What is Juvenile Rheumatoid (Idiopathic) Arthritis?

What is Juvenile Rheumatoid (Idiopathic) Arthritis?

Growing up, I thought I knew what arthritis was. It was what caused witches’ fingers to be knobby and twisted, it was what caused hunchbacks, misshapen body parts, and it is a sign of being old. Arthritis was a problem that my grandparents and people of their age dealt with. 

Exhibit A: When I was younger I took the evil witch from Snow White as the epitome of arthritis: shriveled, bent over, knobby twisted fingers, and a misshapen nose (even though I now know that the nose has nothing to do with arthritis!)

But when I was diagnosed with arthritis at 14 years old, I experienced a new first-hand understanding that arthritis is not simply as it is portrayed by popular media. 

 Firstly, there are many kinds of arthritis, more than 100 different types! While all forms of arthritis generally cause joint swellage and cartilage erosion, their causes are different. Osteoarthritis is the most common form, and probably where the stereotype of arthritis is an old people disease arose. Osteoarthritis is when the age, obesity, or injury causes cartilage to break down in 1-2 certain joints in the body. The resulting bone-on-bone interactions in the joints cause pain and deformities. 

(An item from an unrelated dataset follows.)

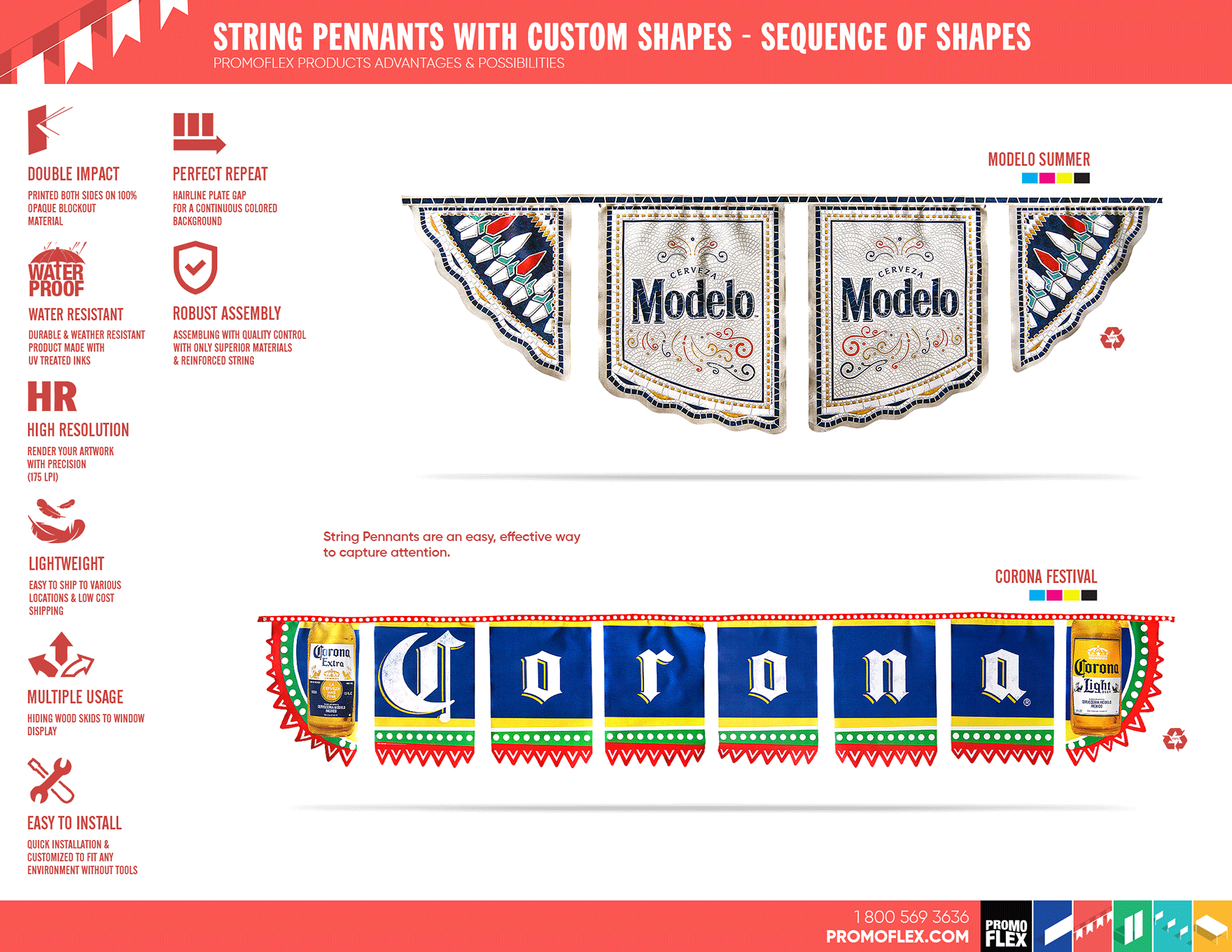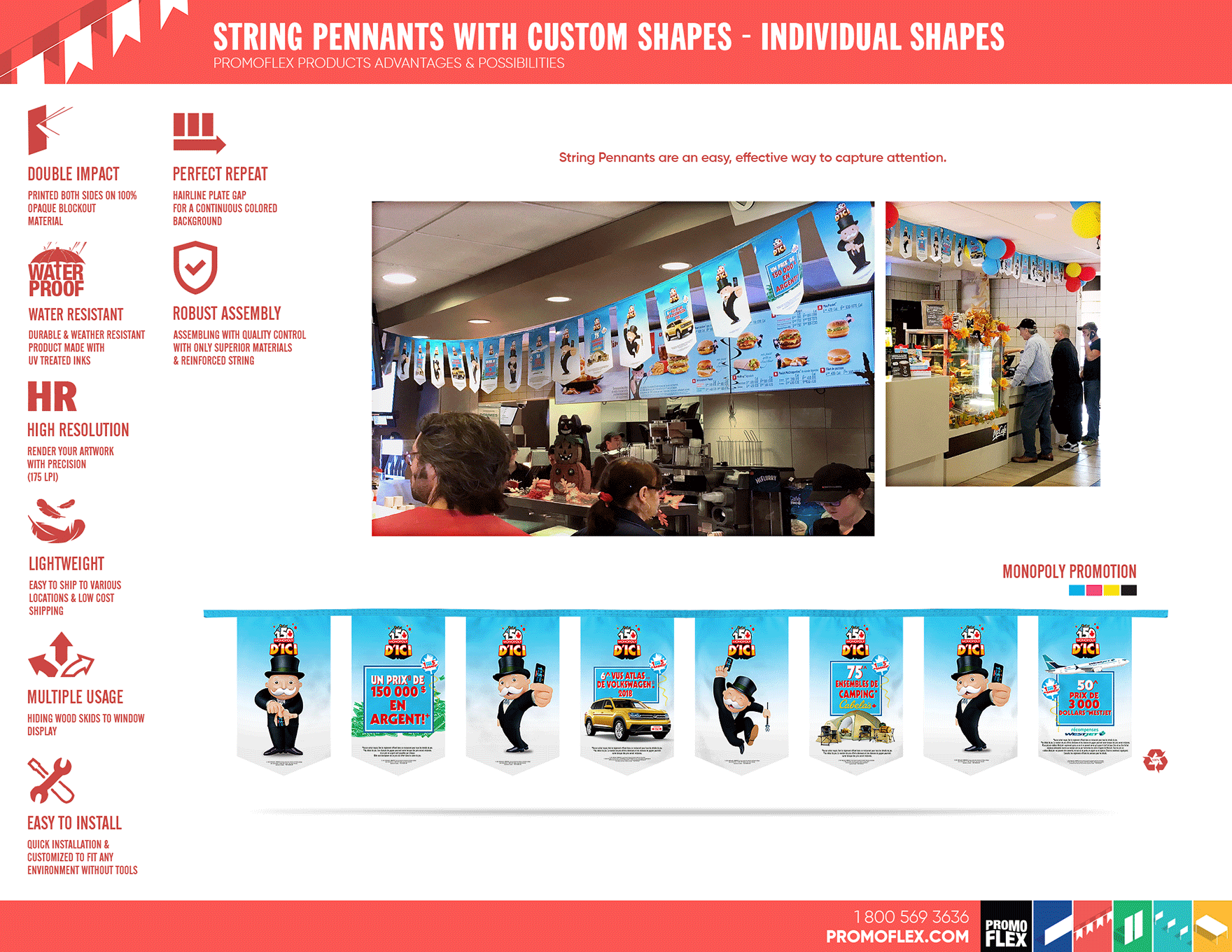 The main industries that use String Pennants are: groceries, convenience stores, supermarkets, breweries, foundations, restaurants, banking institutions, sports teams and racing industries. It’s ideal for one-day promotions or marketing exposition, especially with festivals, sports or racing events. String Pennants are a quick and effective way to capture attention and create a big impact.

The other most common type of arthritis is rheumatoid arthritis. This is an autoimmune disorder where the body attacks healthy joint tissues, causing stiffness, pain, and eventually joint degeneration. Sometimes, you also experience fevers, rashes, eye inflammation, and even organ inflammation. If you are diagnosed at or before the age of 16, you are considered to have juvenile rheumatoid arthritis (JRA). Actually, these days the new official name is juvenile idiopathic arthritis (JIA). This simply means that the cause of inflammation is unknown. Additionally, within rheumatoid arthritis and juvenile rheumatoid arthritis, the amount of joints and which joints affected again dictate a different subset of disease. I specifically have polyarticular JIA, which means multiple joints are affected in my body. Other subsets include oligoarticular JIA and systemic-onset JIA. 

Within each disorder there are also varying levels of diease severity, and I consider myself lucky because my arthritis is not severe to the point where my joints are in constant pain. I do feel stiffness—exacerbated by cold and mornings— and aches, but I don’t have to take steroids or painkillers.

However, I am on medication for my arthritis, and the medication I use is called methotrexate. It is the most common drug used to treat rheumatoid arthritis, and is a folate inhibitator. It works by inhibiting the body’s production of folate, a necessary vitamen in cell production. This prevents my immune system from creating inflammatory macrophages that attack my joints, effectively controlling my arthritis. 

But with autoimmune diseases, there is no cure. We have yet to understand the human immune system, and the medication I take is simply to control my symptoms. It is not the most effective medication because there is no way to pinpoint folate inhibition for just inflammatory macrophages. Therefore, all the cells in my body are affected and have more difficulty reproducing. 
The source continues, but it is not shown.